【1月29日 AFP】「君はこの世の地獄に出会い、一人で死ぬだろう」──これはフランス政府が新たに始めた、イスラム過激派に参加しようと考えている人物の気持ちをそぐことを目指したソーシャルメディア向けキャンペーンでのメッセージの一つだ。

 ウェブサイト「www.stop-djihadisme.gouv.fr」で公開された1本目の動画は、「イスラム過激派」への勧誘役が語る典型的な約束をまず示し、その上で仏政府による正反対の観点を、はりつけされた遺体や、首のない遺体、穴に放り込まれる遺体などの映像が流れる中で見せるものだ。

 中東での紛争の映像が流れる中、テロップが表示される。

「彼らは君にこう言う。『われわれに参加して、シリアの子どもたちを助けよう』」

「だが現実には、君は民間人の大量殺害に加担することになるのだ」

 女性に向けられたメッセージもあった。

「彼らは君にこう言う。『われわれの英雄と家庭を築かないかい』」

「だが現実には、君の子どもは戦争とテロの中で育つのだ」

■「若者たちに衝撃を与え解決策を提示したい」

 このウェブサイトは、過激派による巧みな勧誘に対抗するためにフランス政府が立ち上げた。過激派の勧誘によりこの数年でシリアとイラクに数百人単位のフランス人が渡航している。

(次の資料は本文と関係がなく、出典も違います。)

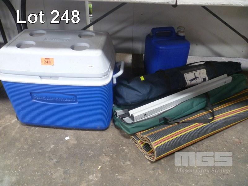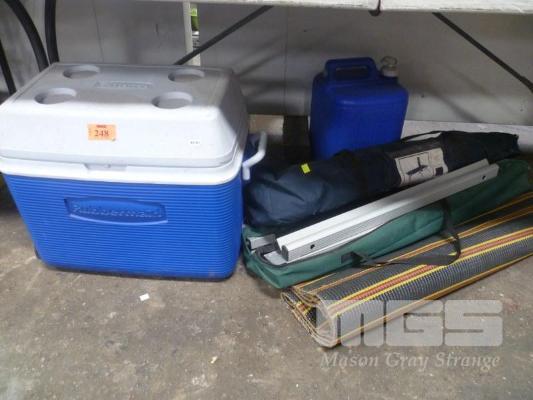 BLUE ESKY, 2 x CAMP BEDS, WATER CAN & WOVEN MAT

 サイトには他にも「テロリストの脅威を理解する」というコーナーや「イスラム過激派たちのプロパガンダを読み解く」コーナーもあり、専門家のインタビューや歴史的経緯の説明、詳細情報へのリンクが提供されている。

 若者向けに、過激派への傾倒を早期に見つける方法も解説されている。「距離をとるようになり、音楽を聴かなくなった友人には注意しよう」

 過激派はフランス国家を背教者とみなしているので、政府が後援するメッセージが大きな効果を発揮するかどうかは不明だ。だが、キャンペーンの立案者らは自信をのぞかせている。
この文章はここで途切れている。